* [Exercise]:
From top to bottom, return the listing exactly as it appears, omitting its images.

* [Supplied material]:
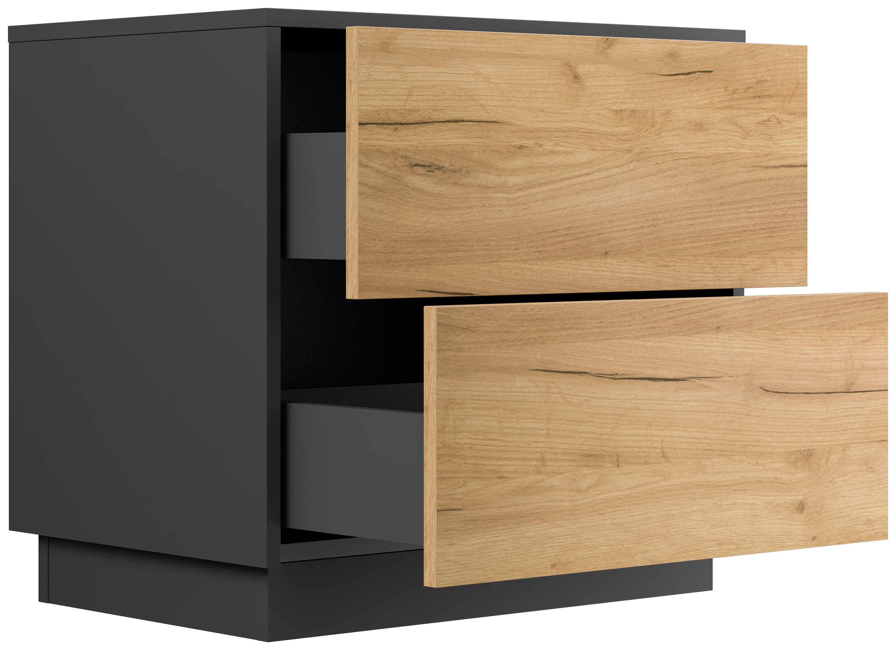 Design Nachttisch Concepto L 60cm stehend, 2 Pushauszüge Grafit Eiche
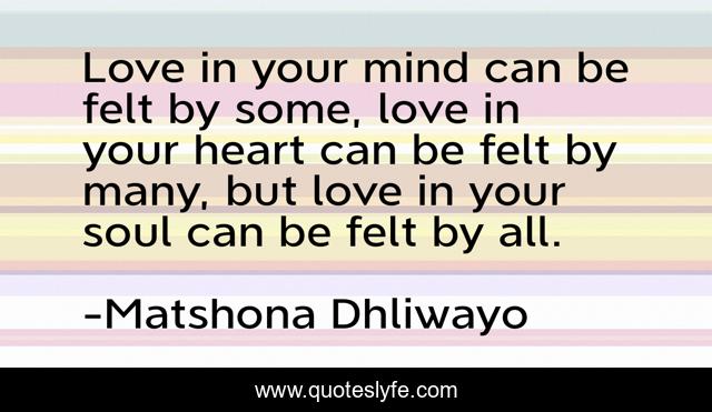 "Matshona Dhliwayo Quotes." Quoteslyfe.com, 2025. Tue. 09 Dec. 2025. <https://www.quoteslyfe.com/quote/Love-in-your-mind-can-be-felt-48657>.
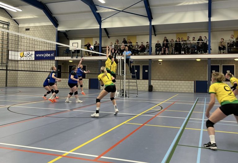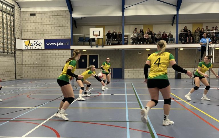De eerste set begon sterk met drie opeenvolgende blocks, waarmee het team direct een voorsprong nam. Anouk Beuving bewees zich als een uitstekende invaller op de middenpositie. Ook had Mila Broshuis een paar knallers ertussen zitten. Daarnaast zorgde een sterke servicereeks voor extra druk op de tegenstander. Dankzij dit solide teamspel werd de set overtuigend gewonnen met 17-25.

* [Result of this exercise]:
 Design Nachttisch Concepto L 60cm stehend, 2 Pushauszüge Grafit Eiche
 "Matshona Dhliwayo Quotes." Quoteslyfe.com, 2025. Tue. 09 Dec. 2025. <https://www.quoteslyfe.com/quote/Love-in-your-mind-can-be-felt-48657>.
De eerste set begon sterk met drie opeenvolgende blocks, waarmee het team direct een voorsprong nam. Anouk Beuving bewees zich als een uitstekende invaller op de middenpositie. Ook had Mila Broshuis een paar knallers ertussen zitten. Daarnaast zorgde een sterke servicereeks voor extra druk op de tegenstander. Dankzij dit solide teamspel werd de set overtuigend gewonnen met 17-25.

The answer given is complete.